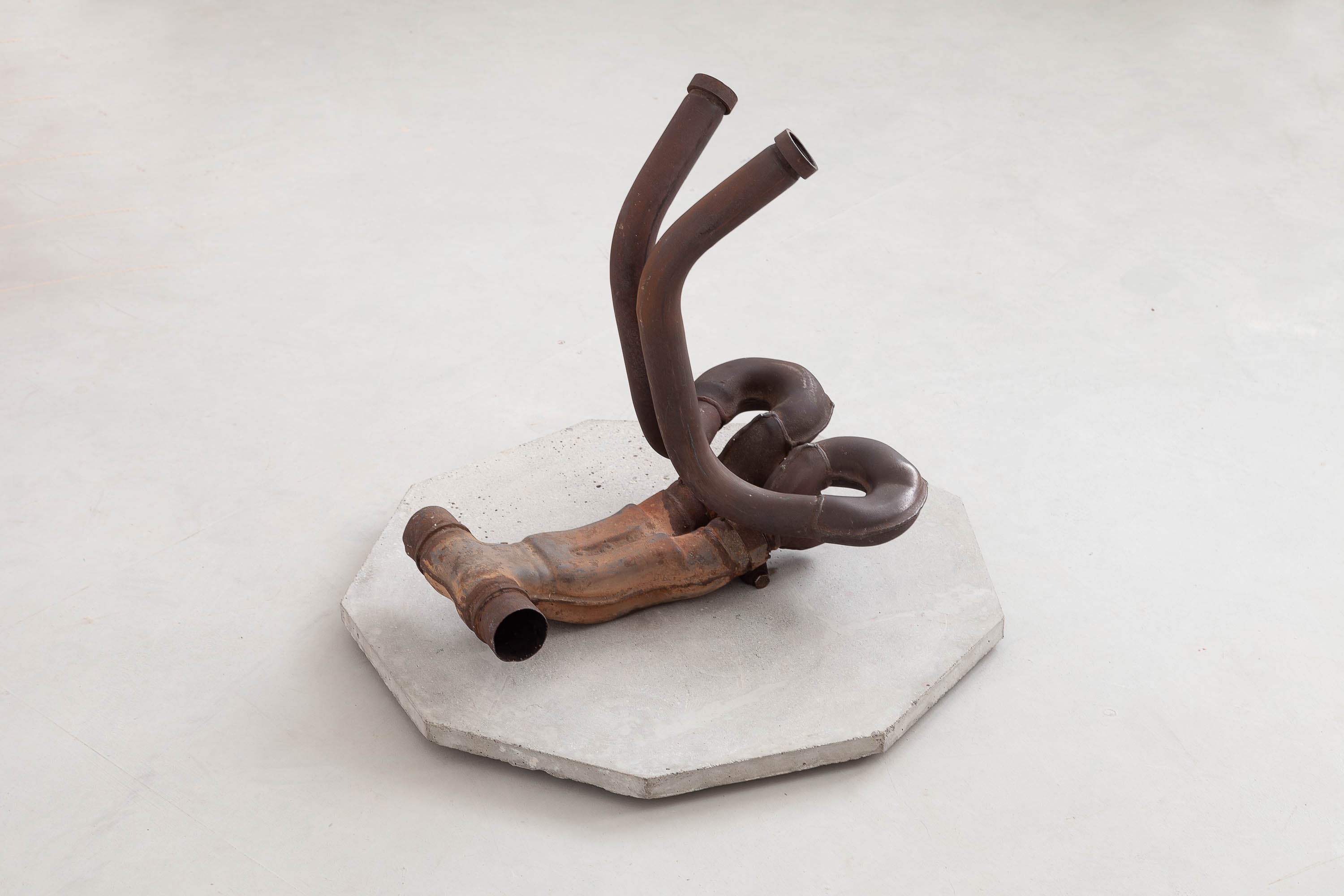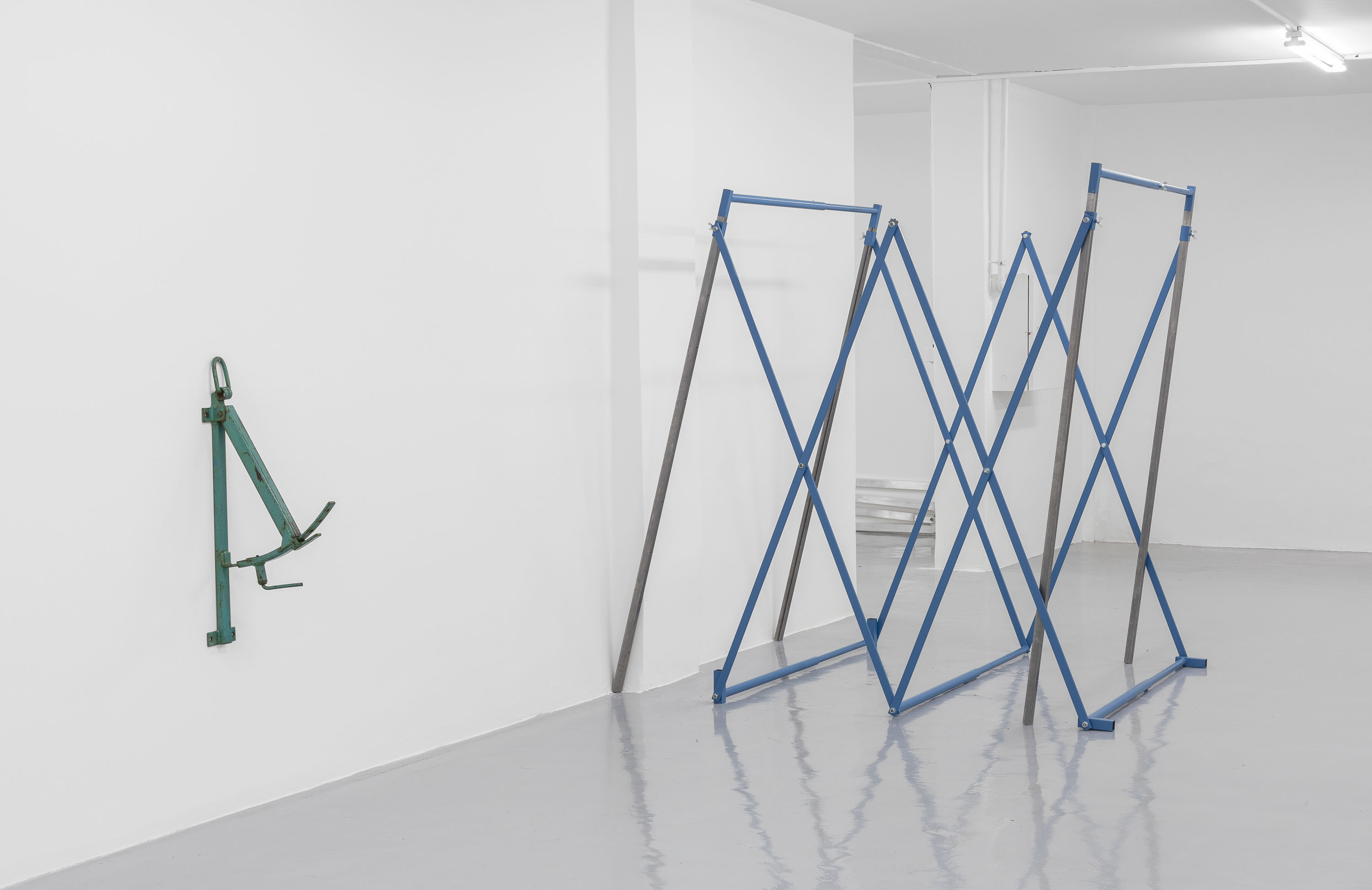 Max Leiß was born in Bonn (DE) and lives in Basel and Marseille. His work emanates from a sculptural practice. He combines the removal of material, the formative reduction of an existing mass, with plastic construction, molding and casting techniques or coloration. Starting points can be quotidian observations or found objects from the street which he takes to his studio and subjects them to sculptural transformations. In the process, these objects leave their context and yet remember their function. They are disassembled into elements, painted or sanded, perhaps enlarged or partly reconstructed in another material, laid out in space, hung up, assigned to other objects. Old and new, foreign and own actions leave their traces. In the end, raw, somewhat lost forms remain. Through the formal reduction and the removal of the previous references, their symbolic quality becomes all the more apparent. The original, immediate connection between the object and its use, origin and meaning has been blurred. Thus, these sculptures rest completely with themselves and at the same time become playful elements relating to space, to each other, and the viewer.
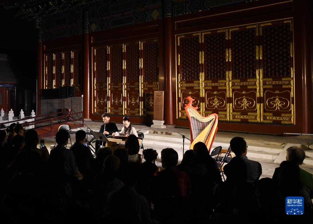 9月11日,民樂(lè )名家王溪(左)與吳茜在北京白塔寺內演出。
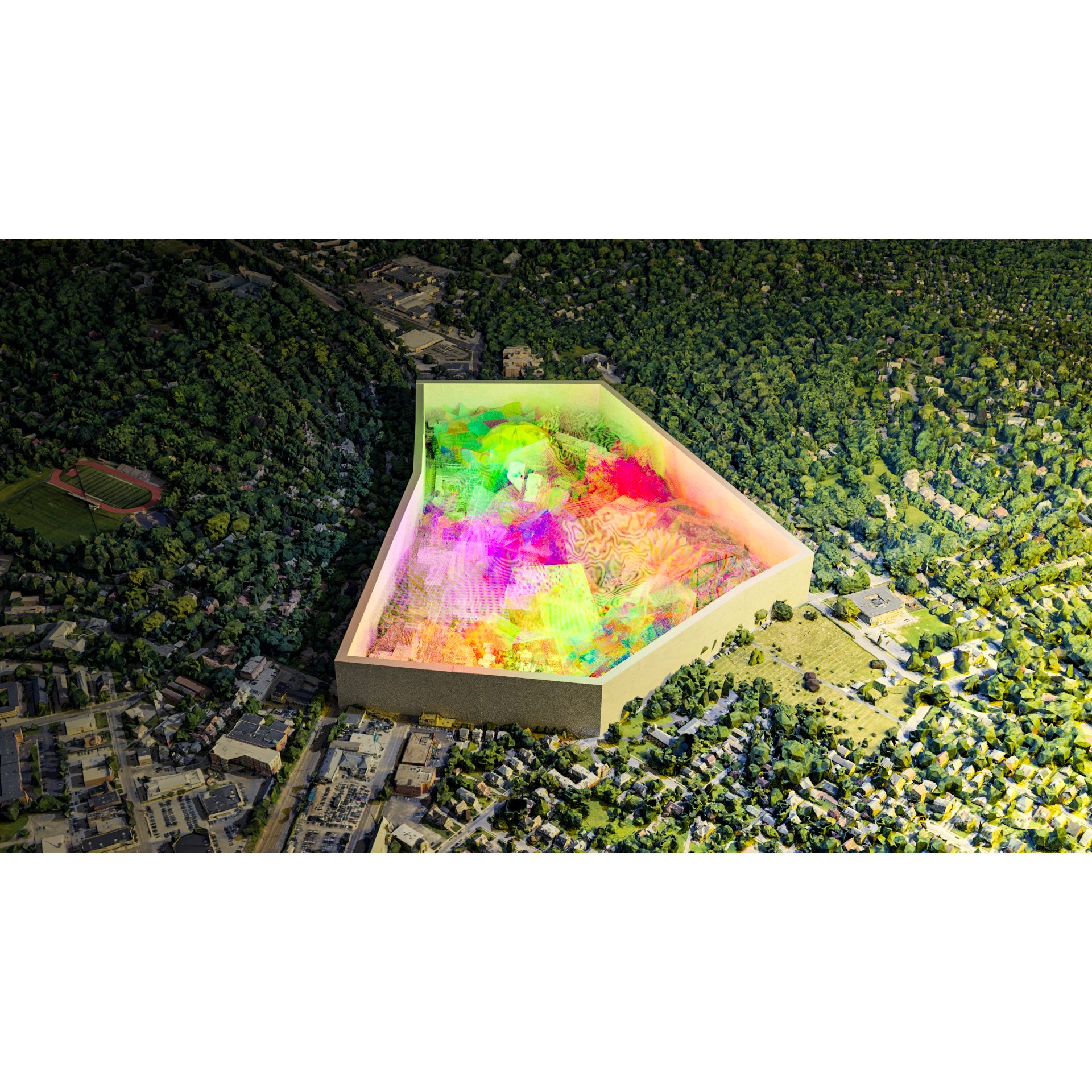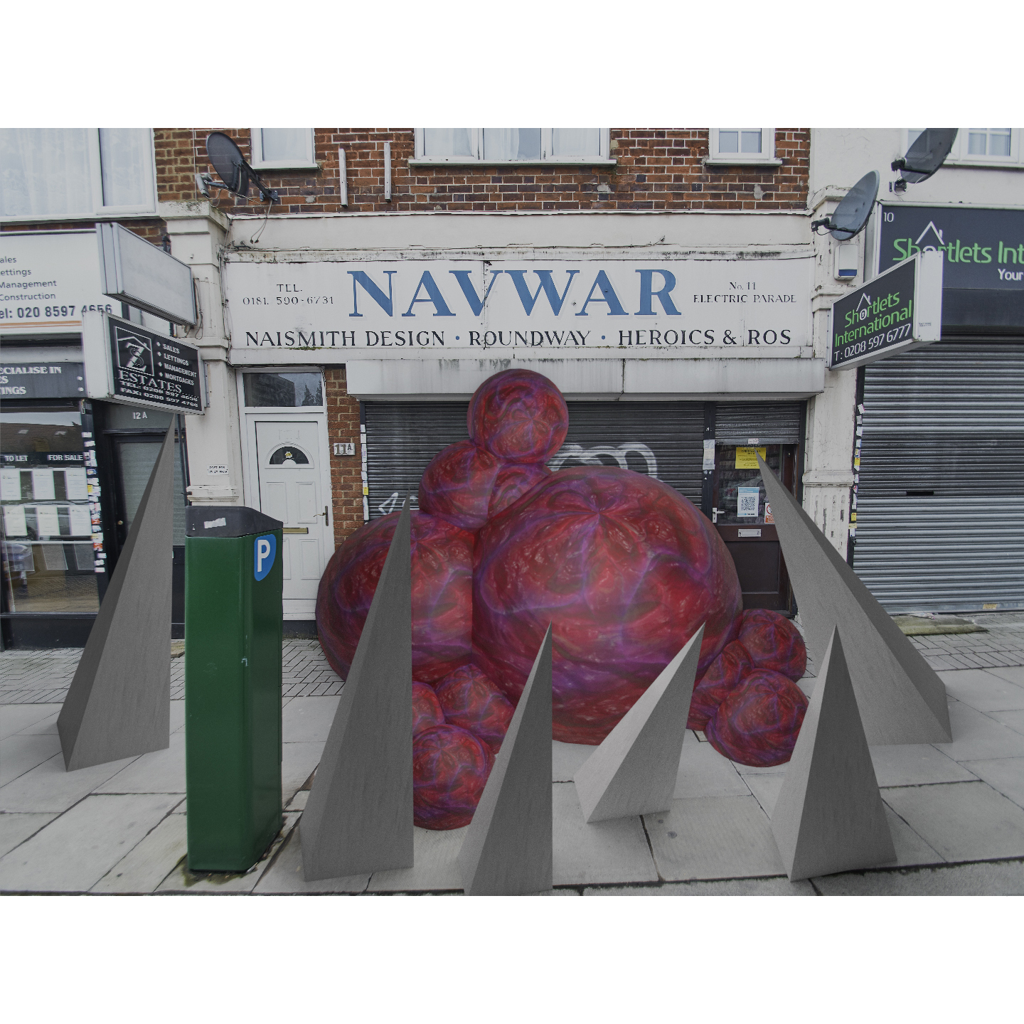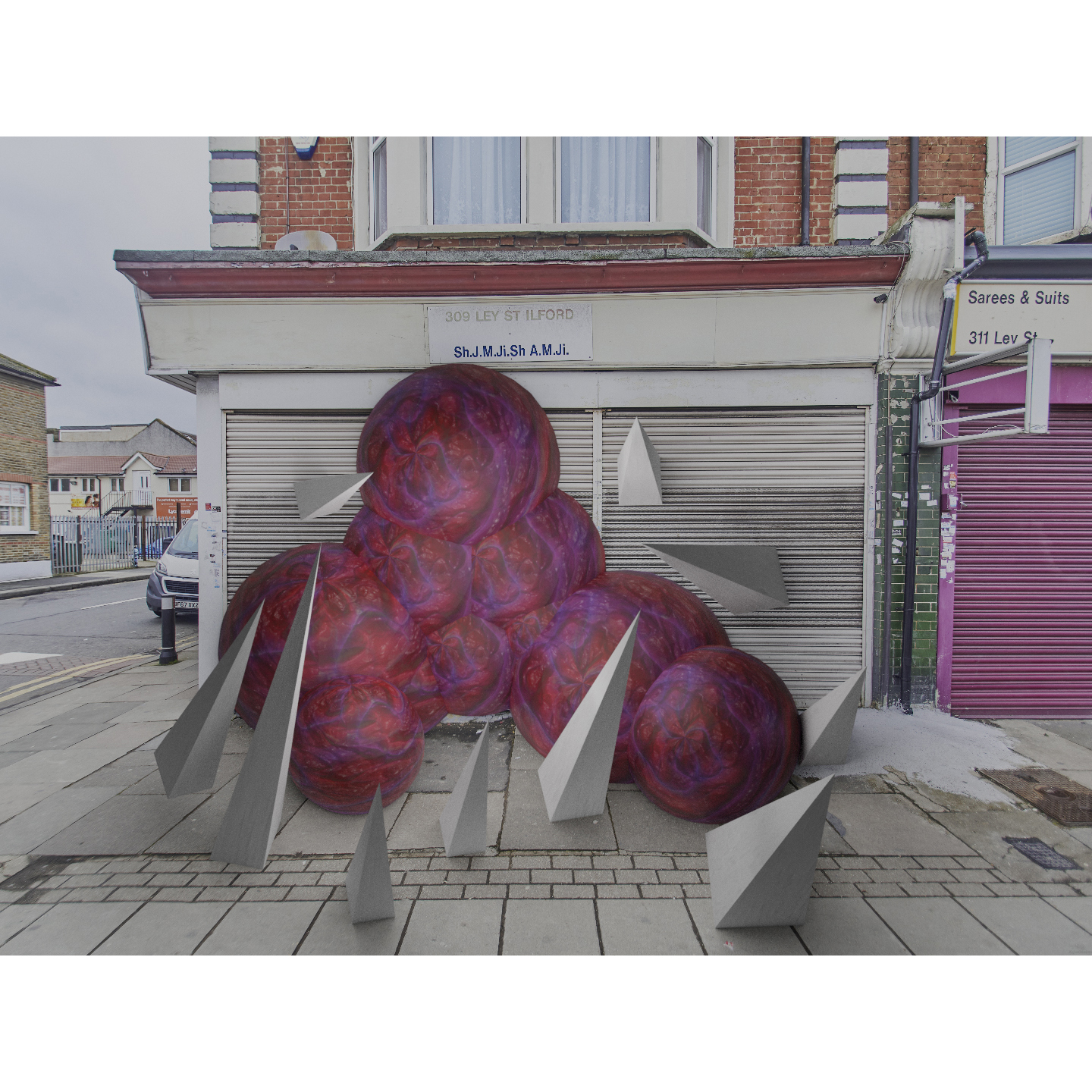 This artwork was made as a response to the economic impact of Covid on small businesses, local communities, and people’s income. The overall vision of the artwork was to showcase abandoned business that could not survive the economic crisis caused by the pandemic and to illustrate the impact with images that depicts the virus as this massive monster that has ravaged through the community. The sharp pyramids serve as a cage for the organic blob and as markers to the viewer that the blob is dangerous and should not be approached, similar technique was developed by the US government to mark nuclear waste sites, so that future humans would not approach them. Artwork was inspired by Christo and Jeanne Claude, Jóhann Jóhannsson, Katsuhiro Otomo, Daniel Thiger.

────────────────────

- What is needed
Only the lines from the start of the material through the line containing "9月11日,民樂(lè )名家王溪(左)與吳茜在北京白塔寺內演出。" should be transcribed. Pictures stay out.

- Answer to the problem
 Max Leiß was born in Bonn (DE) and lives in Basel and Marseille. His work emanates from a sculptural practice. He combines the removal of material, the formative reduction of an existing mass, with plastic construction, molding and casting techniques or coloration. Starting points can be quotidian observations or found objects from the street which he takes to his studio and subjects them to sculptural transformations. In the process, these objects leave their context and yet remember their function. They are disassembled into elements, painted or sanded, perhaps enlarged or partly reconstructed in another material, laid out in space, hung up, assigned to other objects. Old and new, foreign and own actions leave their traces. In the end, raw, somewhat lost forms remain. Through the formal reduction and the removal of the previous references, their symbolic quality becomes all the more apparent. The original, immediate connection between the object and its use, origin and meaning has been blurred. Thus, these sculptures rest completely with themselves and at the same time become playful elements relating to space, to each other, and the viewer.
 9月11日,民樂(lè )名家王溪(左)與吳茜在北京白塔寺內演出。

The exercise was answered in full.